September 16, 2015

Studio Night Update: Epilogue

Monday, back at work after my New York trip, wasn’t as hard as I thought it would be – I was still on a bit of a travel high, rather than being pouty like I usually am when I return from a trip. Of course the slump was still on my mind, but I had started thinking of it as a mindset. I need to be in the right mindset for making art, as my mindset in the past year has been more like, “Crap gotta do some stuff where did the time go this used to feel so leisurely.” Here again is where rule 3 comes into play: Calm the F Down.

When it came to be Tuesday Studio Night, I was actually kind of nervous. Is this going to work? Am I going to fail and feel terrible about myself?

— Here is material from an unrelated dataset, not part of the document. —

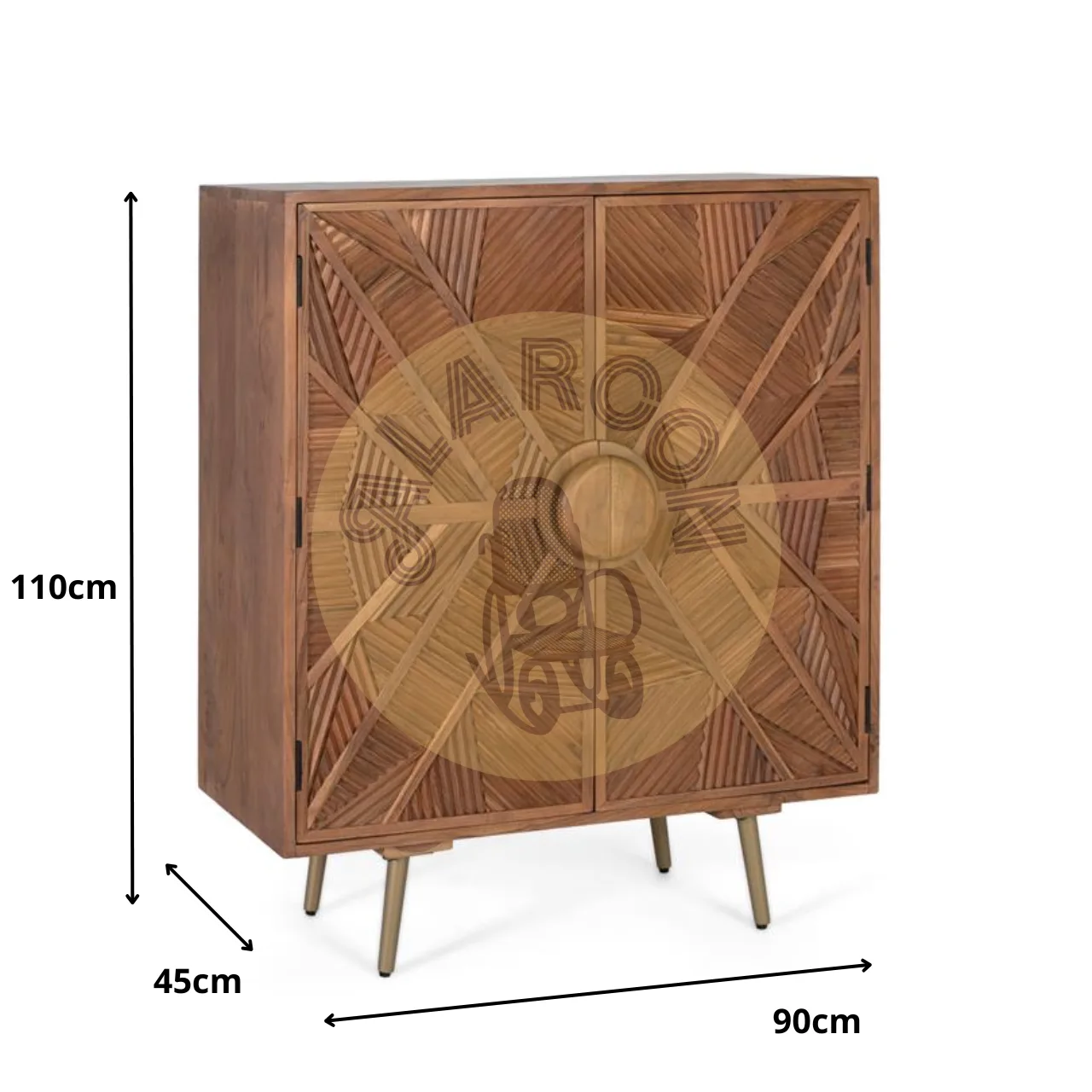 Con medidas de 110x90x45 cm, este mueble ofrece un interior práctico con baldas de almacenaje, perfecto para organizar y mantener en orden tu hogar. Una pieza decorativa y funcional que realza el estilo de tu espacio.

Immediately when I got home from work I changed my clothes and shut the door and got to it. First I had to move things around – that tiny room is a mess! And I had to set up an area to work on these small paintings – they are 8” x 8” value studies for that series I keep talking about – and for such small paintings there’s no need for me to stand at my easel.

So I did all that and I painted. Any time I paint, I feel better. I started one, finished one that I had started previously, then went back and finished the first one. These are oil paintings, but they are studies so the intention is not for them to be very layered, which is how I would normally approach a painting. And because of that, I was able to finish them and have a real sense of accomplishment! But my sense of accomplishment is tempered with knowing I need to keep this up, and that it’s a whole process, not just me getting in there one night and actually painting. But I still posted a picture of my two little paintings to show the internet that yes, I painted!